**Problem requirements**
The answer should be an exact repeat of the stretch of material below from the line containing "- HAY UN TERCER" through the line containing "7.(2010·福建南安等三".

**Source data**
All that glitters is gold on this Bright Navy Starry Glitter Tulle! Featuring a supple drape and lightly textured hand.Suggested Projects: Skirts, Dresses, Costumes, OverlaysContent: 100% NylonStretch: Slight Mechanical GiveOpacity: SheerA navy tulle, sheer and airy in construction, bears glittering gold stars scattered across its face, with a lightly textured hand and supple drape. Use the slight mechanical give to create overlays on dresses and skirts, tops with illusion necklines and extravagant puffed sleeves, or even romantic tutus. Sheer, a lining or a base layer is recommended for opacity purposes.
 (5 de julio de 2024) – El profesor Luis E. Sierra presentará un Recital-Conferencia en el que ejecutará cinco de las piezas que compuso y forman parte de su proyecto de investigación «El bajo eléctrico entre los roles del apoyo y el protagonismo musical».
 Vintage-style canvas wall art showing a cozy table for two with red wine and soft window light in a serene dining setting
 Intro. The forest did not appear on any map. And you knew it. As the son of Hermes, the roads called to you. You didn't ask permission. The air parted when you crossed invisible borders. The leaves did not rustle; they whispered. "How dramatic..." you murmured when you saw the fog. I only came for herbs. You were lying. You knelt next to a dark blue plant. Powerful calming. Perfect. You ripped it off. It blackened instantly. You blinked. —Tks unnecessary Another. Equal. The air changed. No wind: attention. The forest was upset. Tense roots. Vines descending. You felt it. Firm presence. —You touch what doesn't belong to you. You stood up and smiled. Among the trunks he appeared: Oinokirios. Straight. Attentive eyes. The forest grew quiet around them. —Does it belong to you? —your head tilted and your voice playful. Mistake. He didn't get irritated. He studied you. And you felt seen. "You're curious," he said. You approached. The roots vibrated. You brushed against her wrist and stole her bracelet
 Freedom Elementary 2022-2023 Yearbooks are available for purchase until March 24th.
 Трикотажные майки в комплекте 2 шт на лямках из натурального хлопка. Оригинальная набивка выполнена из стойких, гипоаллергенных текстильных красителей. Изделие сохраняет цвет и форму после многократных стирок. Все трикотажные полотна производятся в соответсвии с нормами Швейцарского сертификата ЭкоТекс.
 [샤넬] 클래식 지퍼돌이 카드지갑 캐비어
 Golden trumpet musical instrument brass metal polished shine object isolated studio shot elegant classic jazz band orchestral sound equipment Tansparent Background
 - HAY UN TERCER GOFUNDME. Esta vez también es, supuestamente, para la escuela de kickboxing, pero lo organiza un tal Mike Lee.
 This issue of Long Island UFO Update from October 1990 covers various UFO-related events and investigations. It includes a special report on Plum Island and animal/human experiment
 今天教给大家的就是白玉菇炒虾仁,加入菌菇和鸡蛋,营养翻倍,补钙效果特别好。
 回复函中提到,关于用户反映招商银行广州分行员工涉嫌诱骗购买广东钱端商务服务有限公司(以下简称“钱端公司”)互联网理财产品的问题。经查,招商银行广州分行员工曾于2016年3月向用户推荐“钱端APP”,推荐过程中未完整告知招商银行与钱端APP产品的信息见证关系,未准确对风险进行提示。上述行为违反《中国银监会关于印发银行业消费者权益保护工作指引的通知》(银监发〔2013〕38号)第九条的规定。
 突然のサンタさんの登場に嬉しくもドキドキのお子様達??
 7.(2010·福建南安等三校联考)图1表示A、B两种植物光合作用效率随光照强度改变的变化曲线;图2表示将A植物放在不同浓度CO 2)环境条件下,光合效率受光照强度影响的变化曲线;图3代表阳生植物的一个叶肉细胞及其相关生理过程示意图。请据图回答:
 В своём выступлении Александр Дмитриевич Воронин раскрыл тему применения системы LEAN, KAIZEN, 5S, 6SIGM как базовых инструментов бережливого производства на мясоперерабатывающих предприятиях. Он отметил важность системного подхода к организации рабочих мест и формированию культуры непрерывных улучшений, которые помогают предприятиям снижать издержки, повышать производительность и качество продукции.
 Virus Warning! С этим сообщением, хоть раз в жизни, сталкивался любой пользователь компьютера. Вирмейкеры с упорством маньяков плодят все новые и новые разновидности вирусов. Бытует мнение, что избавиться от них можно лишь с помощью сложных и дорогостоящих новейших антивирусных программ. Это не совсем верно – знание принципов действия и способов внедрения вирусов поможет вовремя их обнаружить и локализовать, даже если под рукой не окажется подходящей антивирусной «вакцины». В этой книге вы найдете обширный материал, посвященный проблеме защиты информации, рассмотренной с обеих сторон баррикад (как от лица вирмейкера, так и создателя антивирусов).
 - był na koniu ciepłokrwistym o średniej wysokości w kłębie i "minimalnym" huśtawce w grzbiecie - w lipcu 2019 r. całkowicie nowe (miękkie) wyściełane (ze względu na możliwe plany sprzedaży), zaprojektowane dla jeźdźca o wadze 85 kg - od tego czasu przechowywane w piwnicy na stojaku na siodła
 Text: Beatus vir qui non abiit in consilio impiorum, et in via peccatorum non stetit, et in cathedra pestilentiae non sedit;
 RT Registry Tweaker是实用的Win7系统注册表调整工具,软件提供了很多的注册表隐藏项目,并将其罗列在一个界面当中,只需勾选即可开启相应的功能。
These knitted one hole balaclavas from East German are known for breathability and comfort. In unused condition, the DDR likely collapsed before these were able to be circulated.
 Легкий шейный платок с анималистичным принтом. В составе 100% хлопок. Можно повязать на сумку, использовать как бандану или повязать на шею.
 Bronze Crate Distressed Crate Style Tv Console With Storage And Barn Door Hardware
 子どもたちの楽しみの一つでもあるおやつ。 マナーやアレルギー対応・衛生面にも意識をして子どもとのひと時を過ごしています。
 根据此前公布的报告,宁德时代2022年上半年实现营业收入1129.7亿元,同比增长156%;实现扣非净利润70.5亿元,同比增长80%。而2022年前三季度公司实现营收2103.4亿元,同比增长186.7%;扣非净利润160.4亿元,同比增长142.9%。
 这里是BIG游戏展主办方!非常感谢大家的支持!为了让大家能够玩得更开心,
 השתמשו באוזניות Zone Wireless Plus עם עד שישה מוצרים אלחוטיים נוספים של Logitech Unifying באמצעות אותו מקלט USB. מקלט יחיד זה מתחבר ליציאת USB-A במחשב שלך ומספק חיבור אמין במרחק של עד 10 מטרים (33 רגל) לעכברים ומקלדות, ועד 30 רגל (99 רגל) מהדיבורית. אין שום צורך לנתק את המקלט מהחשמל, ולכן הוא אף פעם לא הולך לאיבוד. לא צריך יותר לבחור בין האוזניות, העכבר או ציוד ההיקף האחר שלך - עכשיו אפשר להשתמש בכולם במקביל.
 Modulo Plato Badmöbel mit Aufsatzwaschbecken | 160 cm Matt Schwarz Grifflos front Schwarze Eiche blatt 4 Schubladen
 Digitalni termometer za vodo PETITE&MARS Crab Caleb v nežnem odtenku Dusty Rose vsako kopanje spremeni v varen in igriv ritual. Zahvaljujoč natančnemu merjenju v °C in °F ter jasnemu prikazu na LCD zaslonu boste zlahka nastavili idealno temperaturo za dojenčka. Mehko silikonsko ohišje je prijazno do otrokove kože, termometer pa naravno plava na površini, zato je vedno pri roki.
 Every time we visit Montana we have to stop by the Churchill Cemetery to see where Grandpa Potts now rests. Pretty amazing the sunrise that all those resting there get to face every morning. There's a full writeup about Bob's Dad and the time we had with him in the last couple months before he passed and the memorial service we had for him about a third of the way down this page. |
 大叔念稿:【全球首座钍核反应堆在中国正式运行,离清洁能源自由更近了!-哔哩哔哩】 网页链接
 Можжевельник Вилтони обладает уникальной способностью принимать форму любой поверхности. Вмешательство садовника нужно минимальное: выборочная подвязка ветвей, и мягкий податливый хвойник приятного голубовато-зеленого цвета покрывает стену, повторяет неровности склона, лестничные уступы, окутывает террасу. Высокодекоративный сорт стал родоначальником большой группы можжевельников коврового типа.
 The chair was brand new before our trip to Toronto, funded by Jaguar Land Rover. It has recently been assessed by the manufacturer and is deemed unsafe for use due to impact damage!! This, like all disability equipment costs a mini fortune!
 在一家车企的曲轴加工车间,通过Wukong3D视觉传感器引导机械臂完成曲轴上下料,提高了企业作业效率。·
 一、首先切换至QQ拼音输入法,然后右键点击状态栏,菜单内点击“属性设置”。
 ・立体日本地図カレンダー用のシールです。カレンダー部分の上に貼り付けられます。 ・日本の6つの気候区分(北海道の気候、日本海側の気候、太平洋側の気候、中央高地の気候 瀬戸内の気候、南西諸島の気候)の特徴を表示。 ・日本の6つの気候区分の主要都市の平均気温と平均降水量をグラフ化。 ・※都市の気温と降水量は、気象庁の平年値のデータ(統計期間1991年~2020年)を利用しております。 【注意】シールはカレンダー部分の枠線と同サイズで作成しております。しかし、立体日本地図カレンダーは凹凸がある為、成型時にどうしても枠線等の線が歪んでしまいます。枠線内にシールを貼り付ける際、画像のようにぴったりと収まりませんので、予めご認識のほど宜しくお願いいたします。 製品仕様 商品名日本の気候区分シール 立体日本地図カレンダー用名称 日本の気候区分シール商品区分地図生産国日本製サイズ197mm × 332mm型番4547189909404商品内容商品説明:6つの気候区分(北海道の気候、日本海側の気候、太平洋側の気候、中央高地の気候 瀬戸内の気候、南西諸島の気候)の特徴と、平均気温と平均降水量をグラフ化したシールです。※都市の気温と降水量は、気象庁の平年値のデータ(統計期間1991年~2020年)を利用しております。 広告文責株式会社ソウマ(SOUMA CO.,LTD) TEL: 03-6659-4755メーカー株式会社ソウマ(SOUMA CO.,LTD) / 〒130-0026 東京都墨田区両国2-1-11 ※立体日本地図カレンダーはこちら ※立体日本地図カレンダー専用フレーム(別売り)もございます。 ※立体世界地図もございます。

**Exercise solution**
 - HAY UN TERCER GOFUNDME. Esta vez también es, supuestamente, para la escuela de kickboxing, pero lo organiza un tal Mike Lee.
 This issue of Long Island UFO Update from October 1990 covers various UFO-related events and investigations. It includes a special report on Plum Island and animal/human experiment
 今天教给大家的就是白玉菇炒虾仁,加入菌菇和鸡蛋,营养翻倍,补钙效果特别好。
 回复函中提到,关于用户反映招商银行广州分行员工涉嫌诱骗购买广东钱端商务服务有限公司(以下简称“钱端公司”)互联网理财产品的问题。经查,招商银行广州分行员工曾于2016年3月向用户推荐“钱端APP”,推荐过程中未完整告知招商银行与钱端APP产品的信息见证关系,未准确对风险进行提示。上述行为违反《中国银监会关于印发银行业消费者权益保护工作指引的通知》(银监发〔2013〕38号)第九条的规定。
 突然のサンタさんの登場に嬉しくもドキドキのお子様達??
 7.(2010·福建南安等三校联考)图1表示A、B两种植物光合作用效率随光照强度改变的变化曲线;图2表示将A植物放在不同浓度CO 2)环境条件下,光合效率受光照强度影响的变化曲线;图3代表阳生植物的一个叶肉细胞及其相关生理过程示意图。请据图回答:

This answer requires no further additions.